A "PARADIGM," according to the late Historian of Science at the Massachusetts Institute of Technology (MIT), Thomas Kuhn, is based on the consensus of the scientists. The key word being consensus.
When Kuhn introduced such a concept, he created a major uproar all across the world in the 1970s: how can science, and its attendant theories, indeed, facts and careful experimentation in the laboratory, be based on 'consensus' ?
Many found Kuhn's scholarship to be outrageous, even sacrilegious, to the history and trajectory of science.
Yet Kuhn was able to explain how the physics and mechanics of Issac Newton later made their way for what Albert Einstein and others who embraced his theory of relativity. With one bold book, Kuhn changed the way people saw science.
Science was not a mere accumulation of facts —- through trials and errors over time —- but what the scientists themselves agreed as the correct "paradigm" (a mutually agreed agreement or consensus that is). In other words, science can be a form ideology too.
But Kuhn also argued that all "paradigms," can be disrupted. And, when they do, with new theories and new facts, the previous paradigm will collapse. Daniel Bell, a professor of Harvard University, called it the "end of ideology". This means when an old paradigm has lost its explanatory and policy prescription value, a new one will naturally supplant and displace the old one.
Consciously or unconsciously, policy makers in Malaysia have been doing that since the inception of the country in 1957: they tried to revise and challenge each five year plans.
More recently, this was done through the mid term review of the 11th Malaysian Plan. One can also include the Bumiputera Empowerment Congress in 2018.
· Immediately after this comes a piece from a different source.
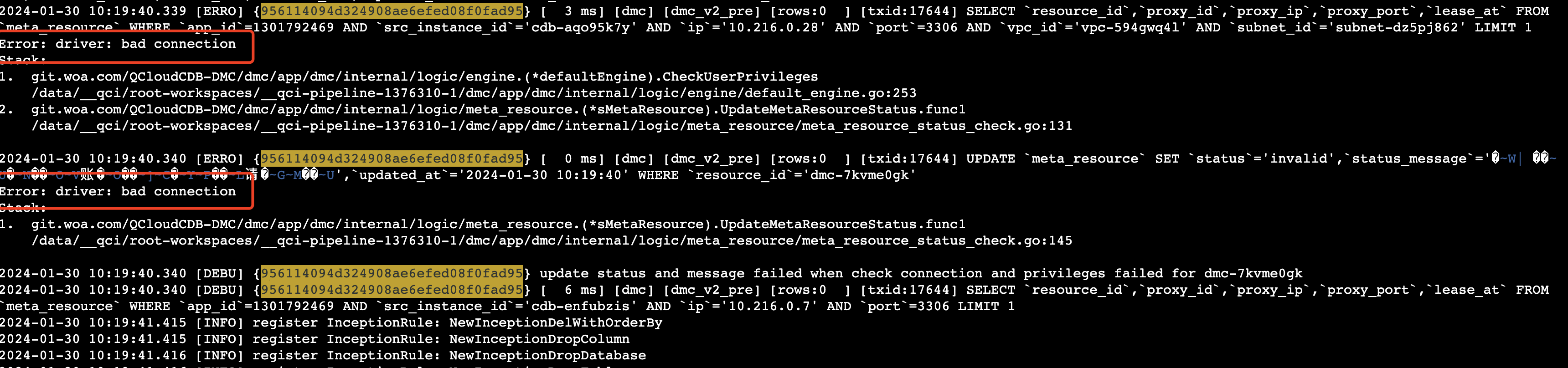 如果数据库执行出现该错误,可能是由于本地数据库连接池的连接已经过期,可以检查一下客户端配置的 MaxLifeTime 配置是否超过数据库服务端设置的连接最大超时时间。更多客户端配置请参考章节: ORM使用配置

Now, this is where Malaysian policy makers need to be extremely cautious and careful. Since the National Economic Policy (NEP) formed the back bone of the Malaysian economic planning by the Economic Planning Unit (EPU), which is under the Prime Minister's Department, it goes without saying that all mid term or final review of any plans or vision documents in Malaysia, including Vision 2020, tend to echo the gold standards of NEP.
However, what was originally the gold standards of NEP —- indeed the top policy benchmark —- has been corroded, and corrupted, by UMNO between late 2004 mid 2018. Thus, all that glitters are not gold too as and when NEP is trudged out to create a new paradigm. How?
Under the rule of Tun Abdullah Badawi, the fifth Prime Minister, the scholarship of Professor Edmund Terence Gomez showed that all Government Linked Investment Companies (GLICs) were allowed to improve their balance sheets by going abroad.
However, once abroad, instead of harnessing the foreign direct investment (FDI) in and to Malaysia to benefit the country, these GLICs tried to find their greener pastures abroad almost permanently.
A case in point if FGV Felda or even MARA that went on a buying spreed of hotels in London, and Australia. Even Jho Low did the same in Los Angeles and New York City, until Sarawak Report and the Wall Street Journal became highly suspicions of each purchase, and their kleptocratic ruse was uncovered.
When Prime Minister Najib Razak took over in April 2009, he found this system of going abroad too cumbersome. Instead, he invented 1MDB to borrow heavily on various debts, with the financial guarantees of the Malaysian government to make a success out of Bandar Malaysia.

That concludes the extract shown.